● **Data extracts**:
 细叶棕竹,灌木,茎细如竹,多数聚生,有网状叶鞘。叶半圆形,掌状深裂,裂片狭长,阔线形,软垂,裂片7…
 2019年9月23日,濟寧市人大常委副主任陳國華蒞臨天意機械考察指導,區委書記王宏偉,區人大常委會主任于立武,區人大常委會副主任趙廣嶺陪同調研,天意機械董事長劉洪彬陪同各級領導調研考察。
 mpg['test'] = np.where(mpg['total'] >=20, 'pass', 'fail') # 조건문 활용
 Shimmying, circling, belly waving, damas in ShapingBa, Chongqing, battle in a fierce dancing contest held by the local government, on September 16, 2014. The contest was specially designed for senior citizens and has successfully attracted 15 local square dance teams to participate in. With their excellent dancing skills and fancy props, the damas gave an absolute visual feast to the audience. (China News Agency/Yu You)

--

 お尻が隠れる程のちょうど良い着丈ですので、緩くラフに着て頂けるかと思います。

● **Problem statement**: Retype exactly the lines above, from the one with "细叶棕竹,灌木,茎细如竹,多" through the one with "Shimmying, circling, belly", inclusive.

● **Solved exercise**:
 细叶棕竹,灌木,茎细如竹,多数聚生,有网状叶鞘。叶半圆形,掌状深裂,裂片狭长,阔线形,软垂,裂片7…
 2019年9月23日,濟寧市人大常委副主任陳國華蒞臨天意機械考察指導,區委書記王宏偉,區人大常委會主任于立武,區人大常委會副主任趙廣嶺陪同調研,天意機械董事長劉洪彬陪同各級領導調研考察。
 mpg['test'] = np.where(mpg['total'] >=20, 'pass', 'fail') # 조건문 활용
 Shimmying, circling, belly waving, damas in ShapingBa, Chongqing, battle in a fierce dancing contest held by the local government, on September 16, 2014. The contest was specially designed for senior citizens and has successfully attracted 15 local square dance teams to participate in. With their excellent dancing skills and fancy props, the damas gave an absolute visual feast to the audience. (China News Agency/Yu You)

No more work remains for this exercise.